Task to carry out. Using the data that follows, output only the lines from the line with "Capture the cuteness" up to and including the line with "Готовая домашняя работа", exactly, leaving pictures aside.

Given data.

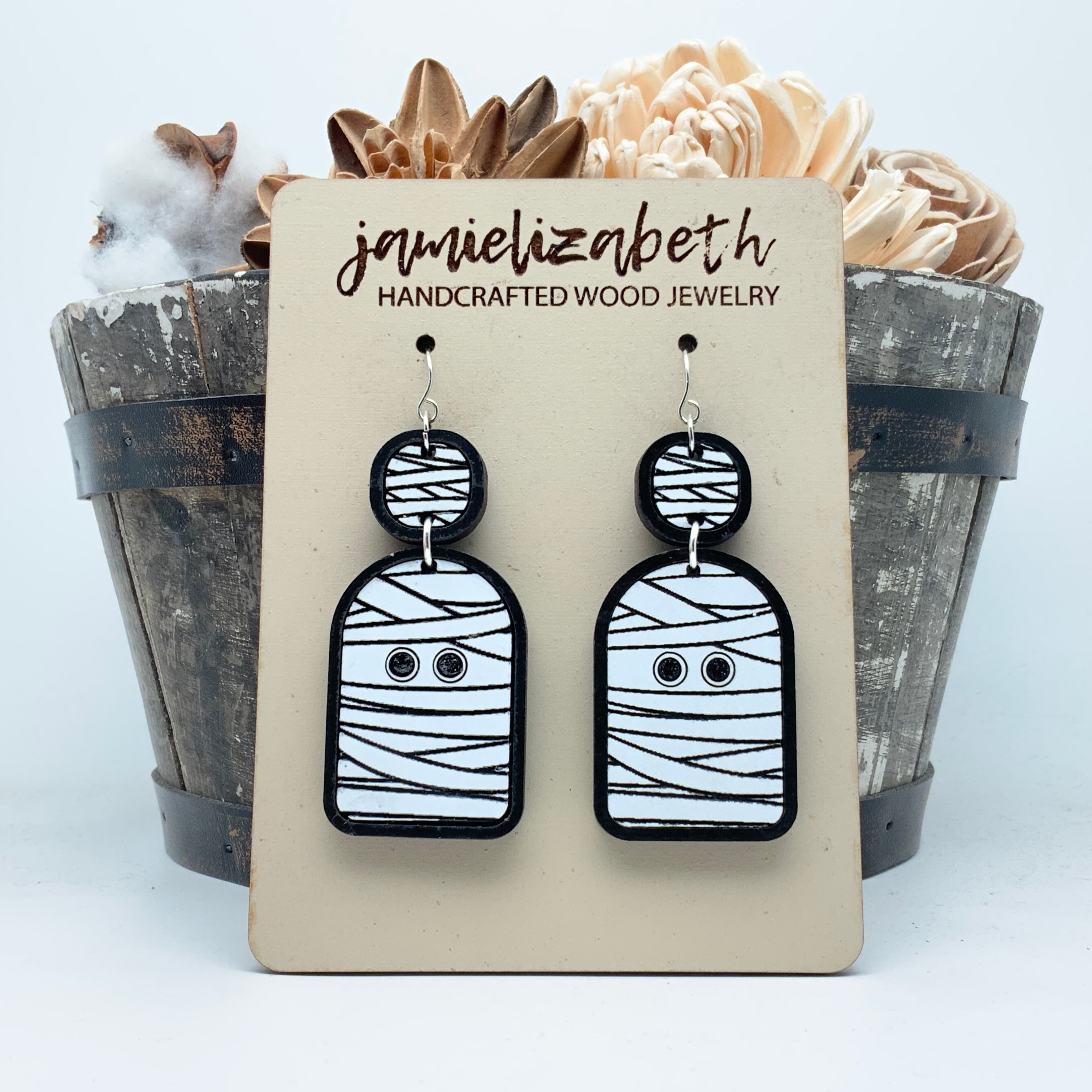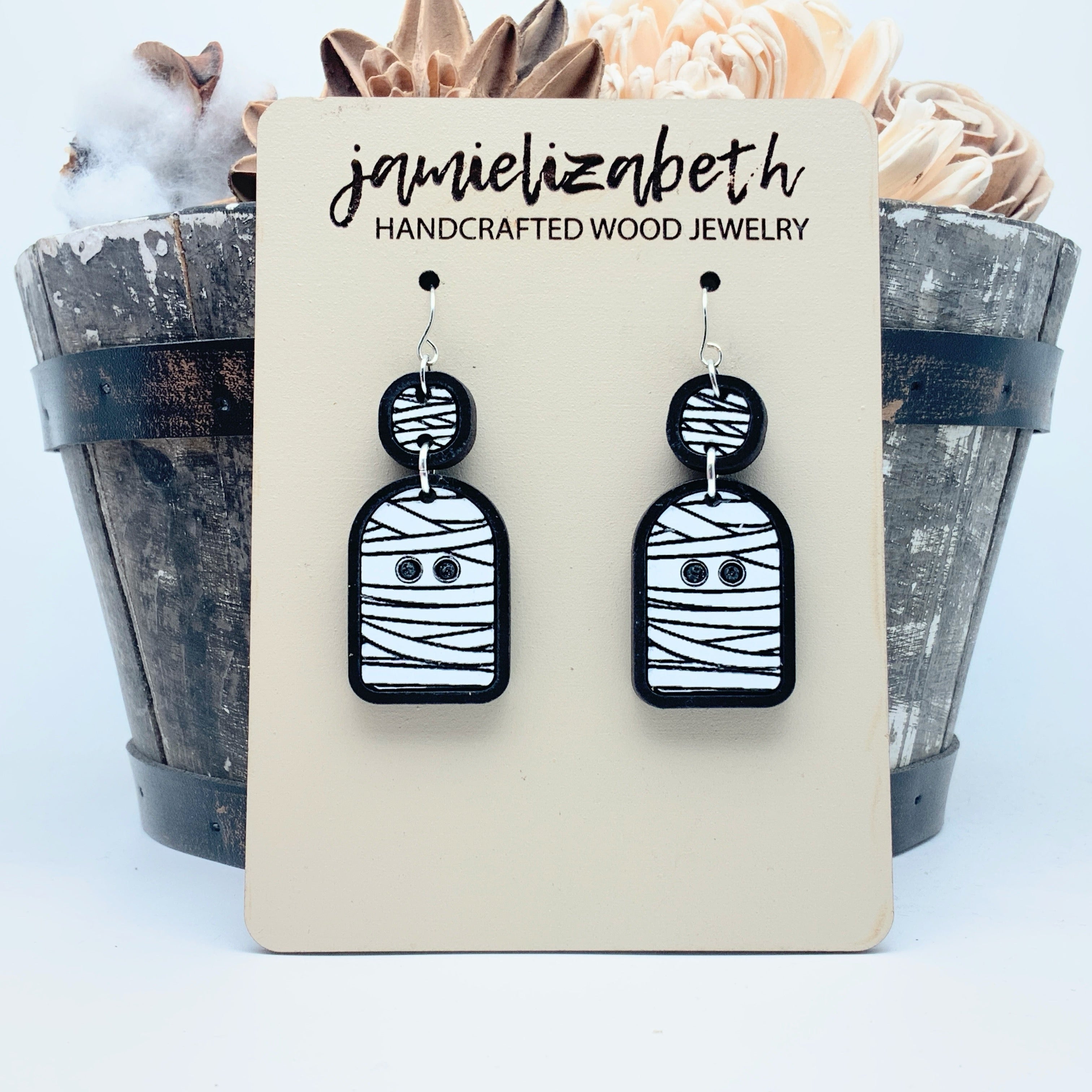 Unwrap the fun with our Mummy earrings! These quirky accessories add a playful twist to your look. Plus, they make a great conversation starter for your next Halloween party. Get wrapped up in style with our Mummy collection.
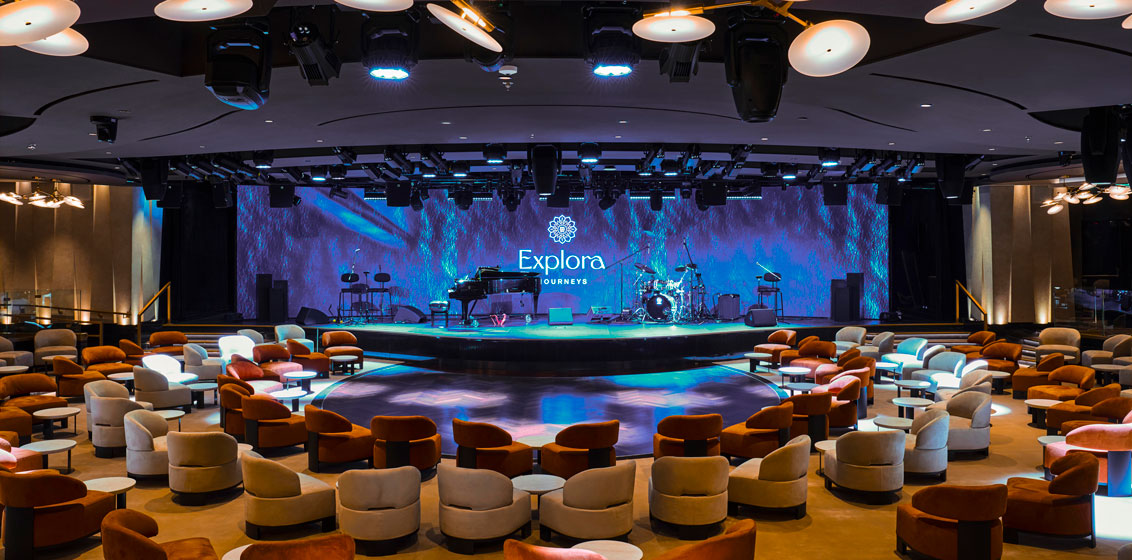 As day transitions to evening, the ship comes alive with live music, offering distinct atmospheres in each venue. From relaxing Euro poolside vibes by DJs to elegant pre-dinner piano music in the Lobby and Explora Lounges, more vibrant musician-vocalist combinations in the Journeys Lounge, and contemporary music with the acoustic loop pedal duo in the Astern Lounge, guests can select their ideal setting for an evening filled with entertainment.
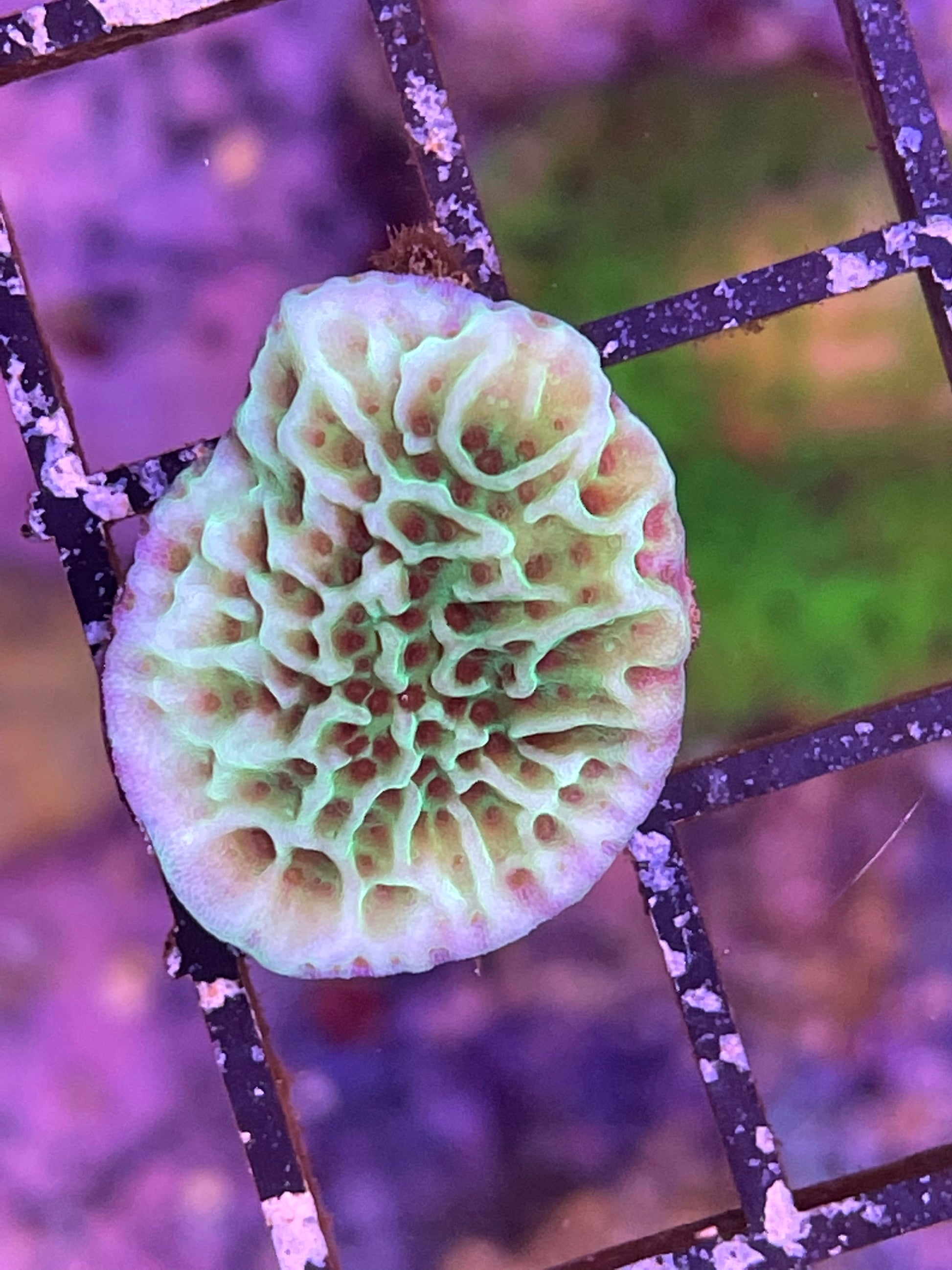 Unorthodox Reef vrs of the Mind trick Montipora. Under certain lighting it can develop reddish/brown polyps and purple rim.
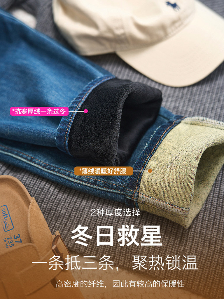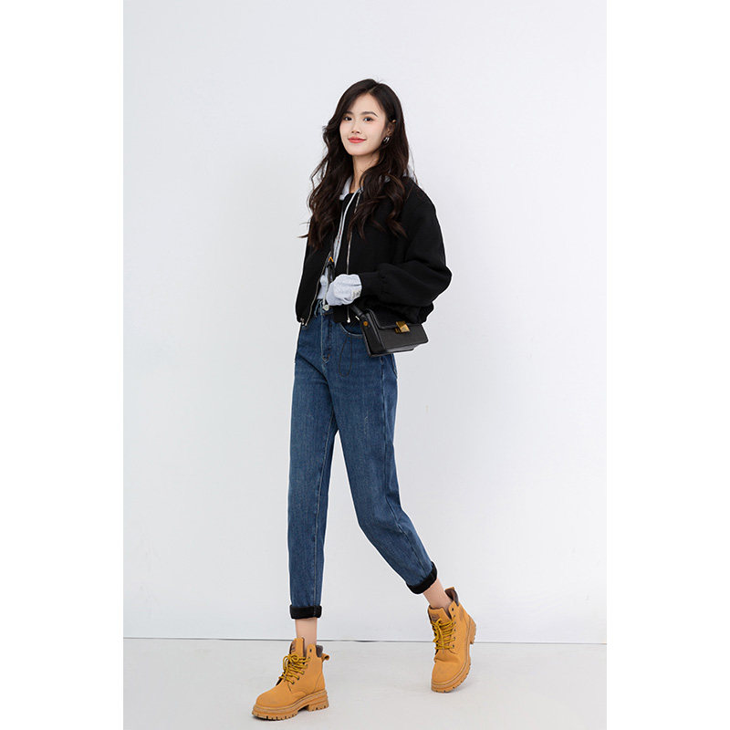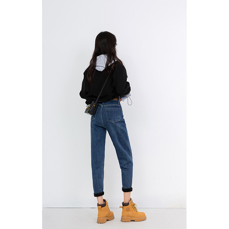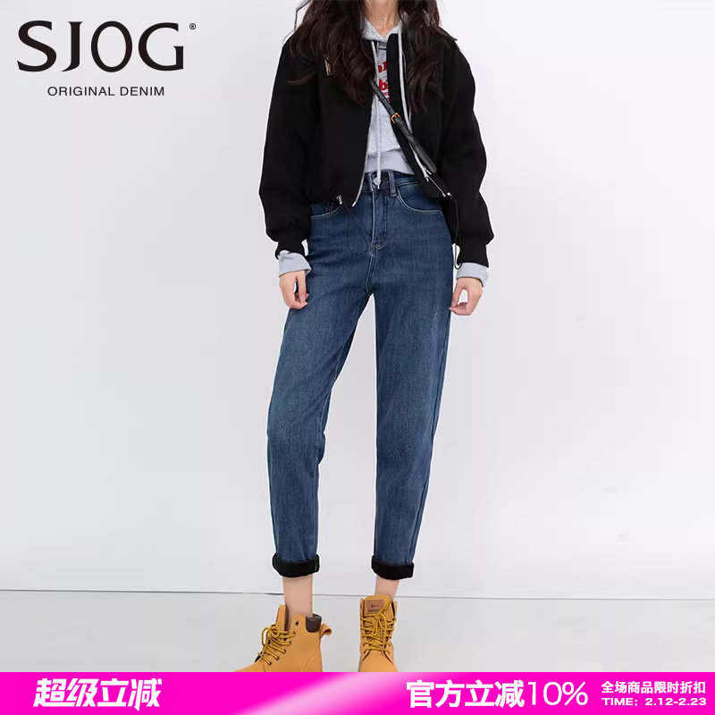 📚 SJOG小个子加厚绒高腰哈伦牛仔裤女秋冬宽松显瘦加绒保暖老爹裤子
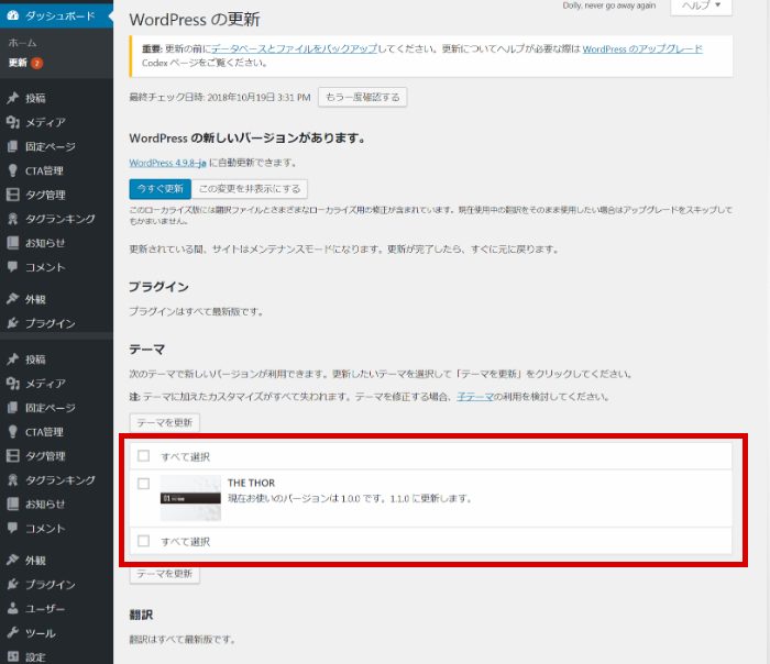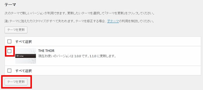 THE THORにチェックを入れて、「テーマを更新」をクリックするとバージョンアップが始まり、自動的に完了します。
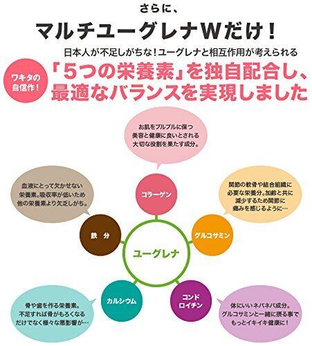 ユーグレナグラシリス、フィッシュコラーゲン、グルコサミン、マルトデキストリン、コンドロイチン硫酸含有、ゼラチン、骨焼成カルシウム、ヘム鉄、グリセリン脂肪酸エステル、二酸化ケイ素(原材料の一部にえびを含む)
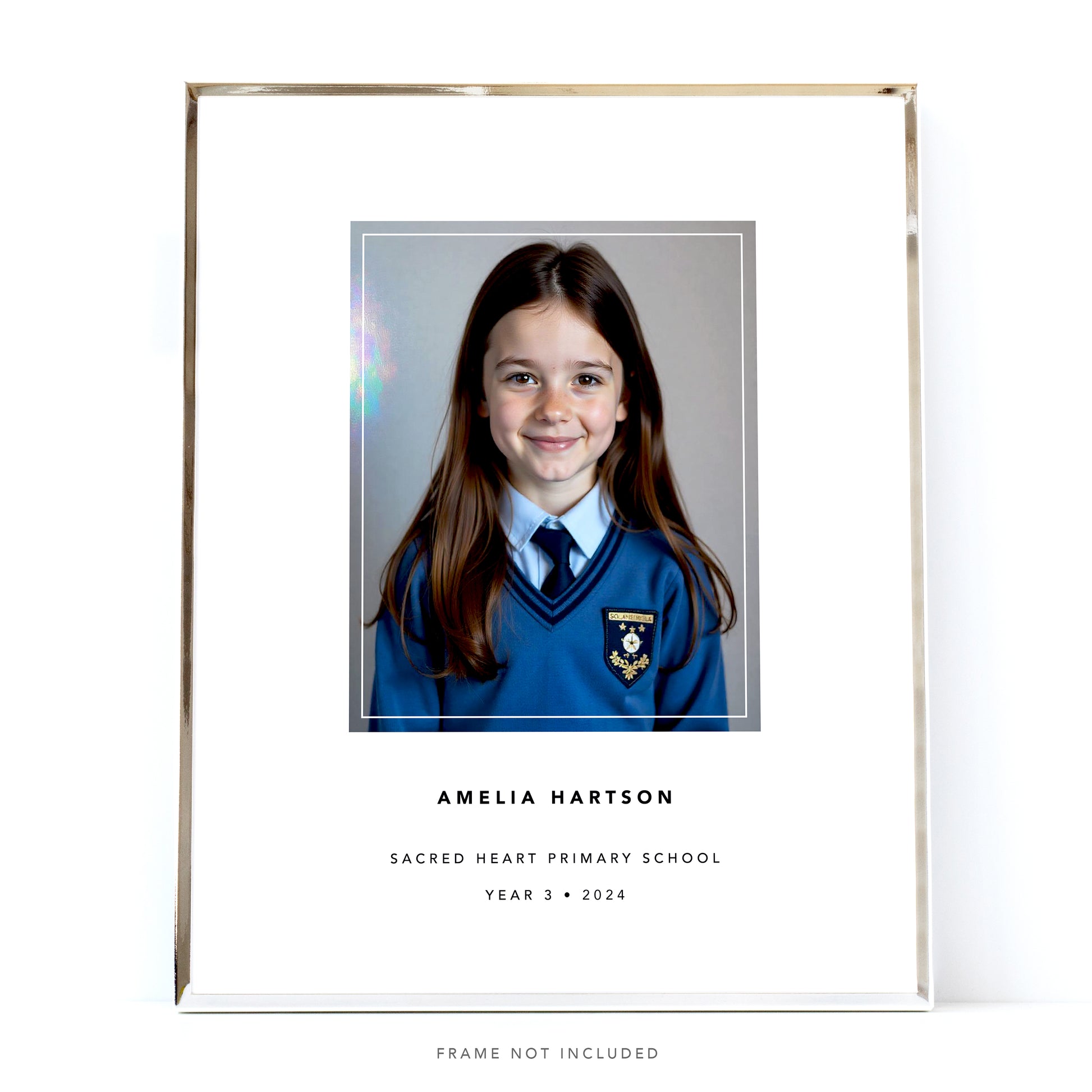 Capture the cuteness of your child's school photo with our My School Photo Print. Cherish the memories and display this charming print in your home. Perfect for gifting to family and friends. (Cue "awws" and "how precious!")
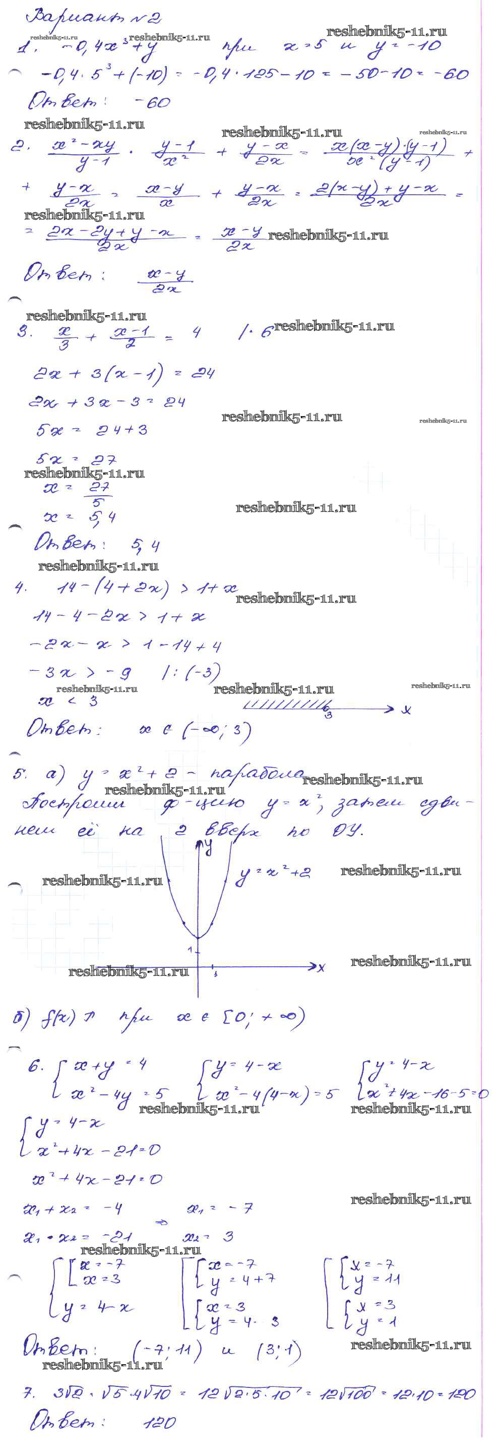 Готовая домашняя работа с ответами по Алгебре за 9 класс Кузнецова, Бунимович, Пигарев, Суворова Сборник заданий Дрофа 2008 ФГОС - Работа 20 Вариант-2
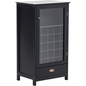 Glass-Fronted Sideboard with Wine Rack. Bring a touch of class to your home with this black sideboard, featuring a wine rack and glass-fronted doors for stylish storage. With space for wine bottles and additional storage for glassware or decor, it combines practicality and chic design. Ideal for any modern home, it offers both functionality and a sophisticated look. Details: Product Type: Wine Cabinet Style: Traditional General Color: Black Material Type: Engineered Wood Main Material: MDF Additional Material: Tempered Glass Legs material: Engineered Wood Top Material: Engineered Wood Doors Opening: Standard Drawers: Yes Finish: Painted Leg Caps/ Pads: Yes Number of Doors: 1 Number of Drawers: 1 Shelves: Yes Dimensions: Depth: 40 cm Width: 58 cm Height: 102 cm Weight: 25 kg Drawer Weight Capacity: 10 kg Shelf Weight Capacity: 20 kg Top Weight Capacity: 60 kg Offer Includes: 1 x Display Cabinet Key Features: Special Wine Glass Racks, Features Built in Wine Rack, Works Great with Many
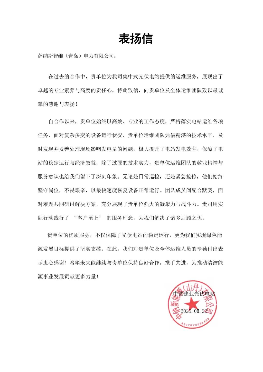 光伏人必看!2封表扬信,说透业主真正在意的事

Solved exercise.
 Capture the cuteness of your child's school photo with our My School Photo Print. Cherish the memories and display this charming print in your home. Perfect for gifting to family and friends. (Cue "awws" and "how precious!")
 Готовая домашняя работа с ответами по Алгебре за 9 класс Кузнецова, Бунимович, Пигарев, Суворова Сборник заданий Дрофа 2008 ФГОС - Работа 20 Вариант-2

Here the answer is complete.